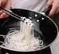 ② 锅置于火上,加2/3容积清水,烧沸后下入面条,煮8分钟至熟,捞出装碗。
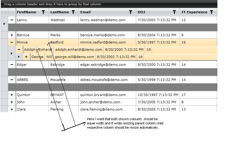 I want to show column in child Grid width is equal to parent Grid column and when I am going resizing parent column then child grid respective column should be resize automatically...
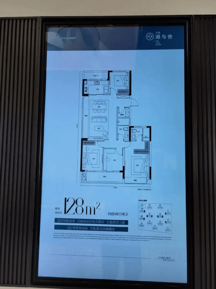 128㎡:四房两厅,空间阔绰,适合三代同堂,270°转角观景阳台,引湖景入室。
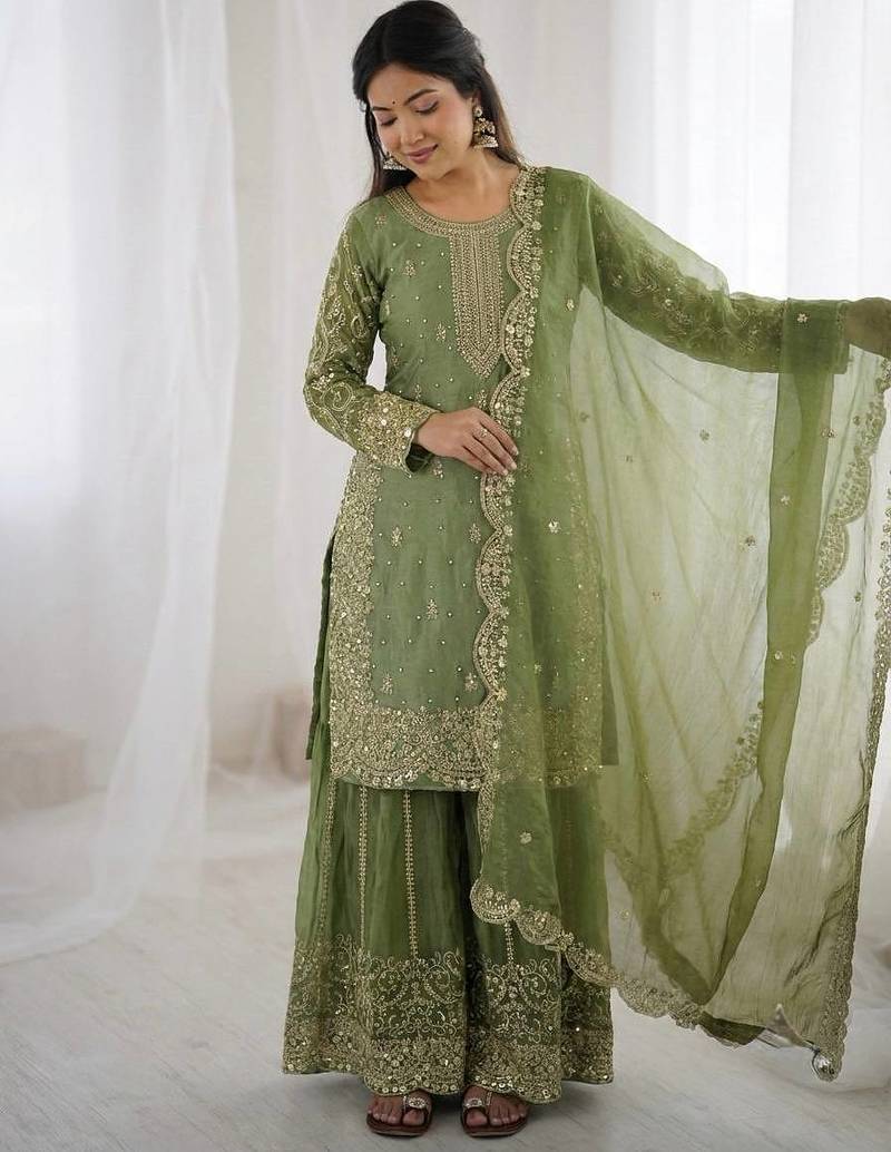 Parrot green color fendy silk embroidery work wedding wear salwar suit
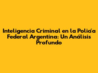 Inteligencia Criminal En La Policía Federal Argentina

────────────────────────────────────────

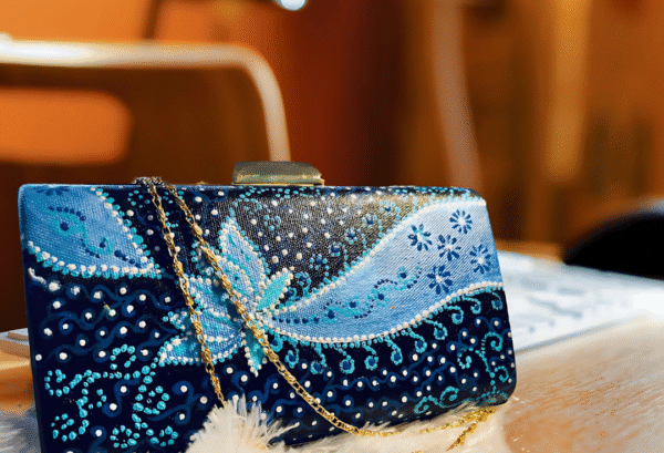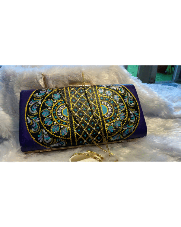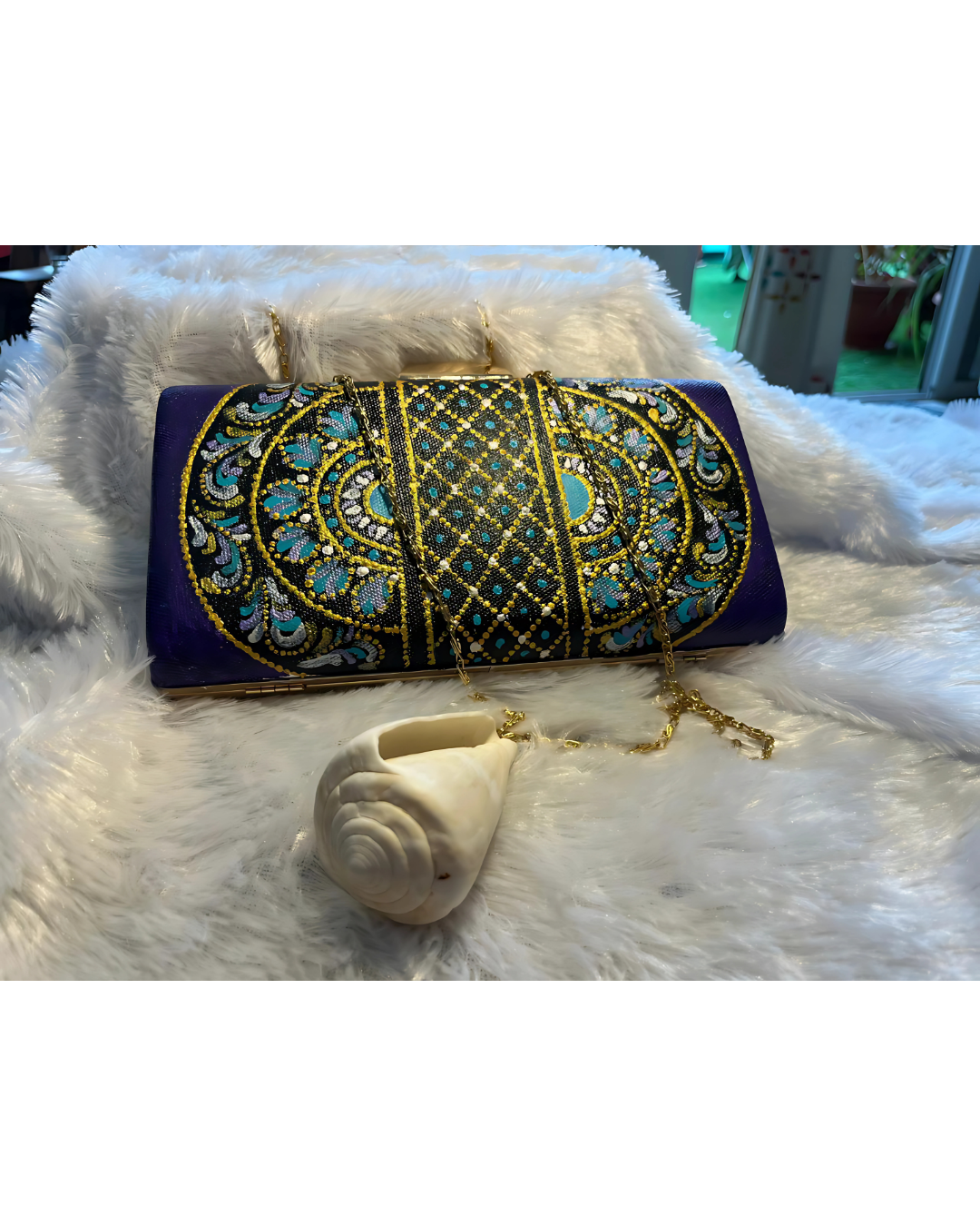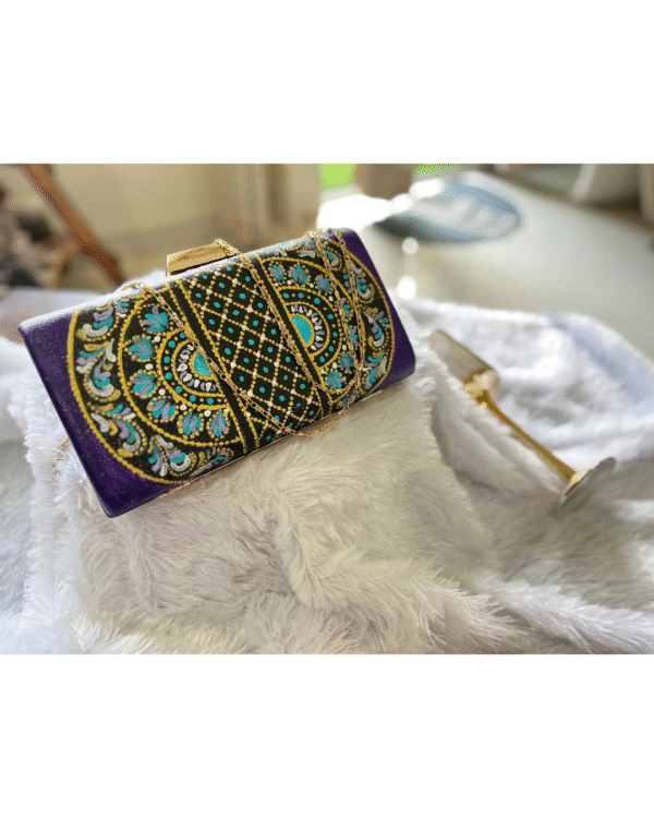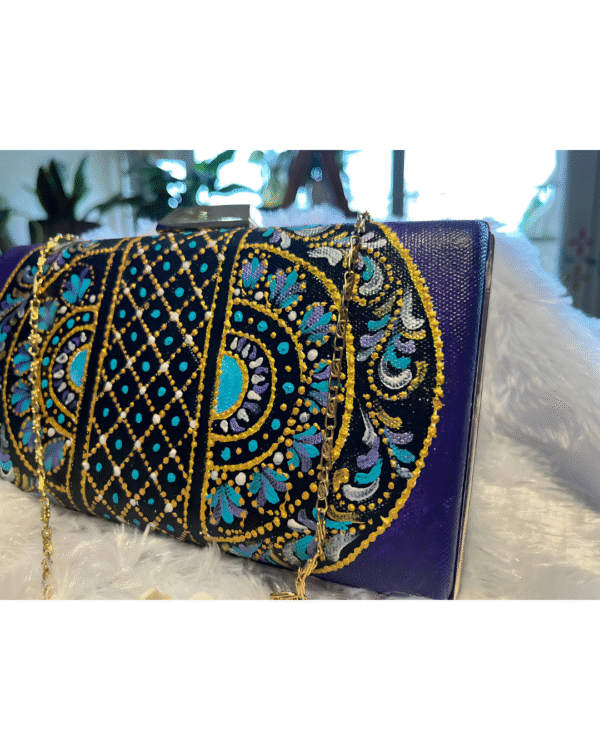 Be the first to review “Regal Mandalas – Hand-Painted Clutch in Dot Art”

────────────────────────────────────────

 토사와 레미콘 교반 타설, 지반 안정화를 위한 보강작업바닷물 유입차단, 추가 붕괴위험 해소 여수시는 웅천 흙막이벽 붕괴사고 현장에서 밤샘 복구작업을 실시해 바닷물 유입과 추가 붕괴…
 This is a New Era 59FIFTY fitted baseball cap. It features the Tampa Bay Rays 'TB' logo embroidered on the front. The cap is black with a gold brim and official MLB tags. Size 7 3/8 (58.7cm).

────────────────────────────────────────

§ What the task requires
Retype only the lines above from the one with "128㎡:四房两厅,空间阔绰,适合三代同堂,270°转角观景阳台,引湖景入室。" through the one with "Inteligencia Criminal En", exactly and with both ends. Images stay out.

§ Written answer
 128㎡:四房两厅,空间阔绰,适合三代同堂,270°转角观景阳台,引湖景入室。
 Parrot green color fendy silk embroidery work wedding wear salwar suit
 Inteligencia Criminal En La Policía Federal Argentina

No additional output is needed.